A Machine-Readable Dataset on U.S Policies in Response to COVID-19 Epidemic

Allison Muir, MHA Operations Manager

The volunteer-driven COVID-19 Data Project is committed to procuring the most reliable data to educate and improve the knowledge that will benefit our future. As the nature of COVID-19 continues to change in the United States, state and local policies change in response. The Policy Track of the Project aims to generate a machine-readable, longitudinal dataset of the COVID-19 policies to educate and inform researchers, policy analysts, and community members.

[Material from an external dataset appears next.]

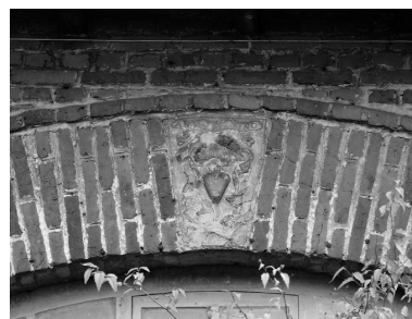
Clé avec armoiries sur l'arc du passage traversant de l'ancienne grange.

In April 2020, our policy team adapted the process of a past collaborator, the Temple University Center for Public Health Law Research, to create a crowd-sourced structure for a COVID-19 policy review. Each volunteer is trained to read the documents individually for key identifiers, including name or number and the stated sufficient period. Each document is reviewed to include the following scope criteria categories: stay-at-home requirements; curfew restrictions; mask requirements; public gathering bans; social distancing requirements; operational orders for businesses, restaurants, and schools; medical procedure restrictions; travel constraints; and measures related to correctional facilities. The inclusion of these categories is labeled with binary variables (0 for no inclusion; 1 for inclusion). Ambiguous information, outside of the scope criteria, is also noted.

The documents reviewed include executive orders, health directives, proclamations, and policies related to COVID-19 that were released by U.S. states, territories, counties, and cities. Those released by the states and territories are reviewed within a week of online publication. The list of included cities and counties is expanded monthly. As of January 2021, 144 cities have been reviewed, and 108 have been included. The documents released by cities and counties are reviewed within a month of online publication. When a new city is identified, all applicable COVID-19 documents are reviewed regardless of the effective period or original publication date.

The original documents are published in non-standardized formats. The majority of them are not published in a machine-readable format. The use of "amendments" and "extensions" is not standardized. There is no apparent standard for the frequency of publication, the inclusion of topics, the complexity of the language used, or the detail level.

The Project has created a machine-readable longitudinal dataset and a collection of machine-readable COVID-19 policies that can serve as a resource and tool for researchers, policy analysts, community members, and policymakers. The dataset can be used in correlation with COVID-19 case data to observe the impact of the policies on the virus' spread. Over 100 users have accessed the dataset outside of the Project, and the dataset remains unique in its level of detail and quantity of included documents.

The success of our processes proves that crowd-sourced policy analysis is possible. The work of the Project revealed the need for standardized methods and collaboration by government bodies to improve policies' accessibility. Our Project has highlighted the need for policymakers to collaborate with open data initiatives to improve the accessibility and interoperability of their published documents.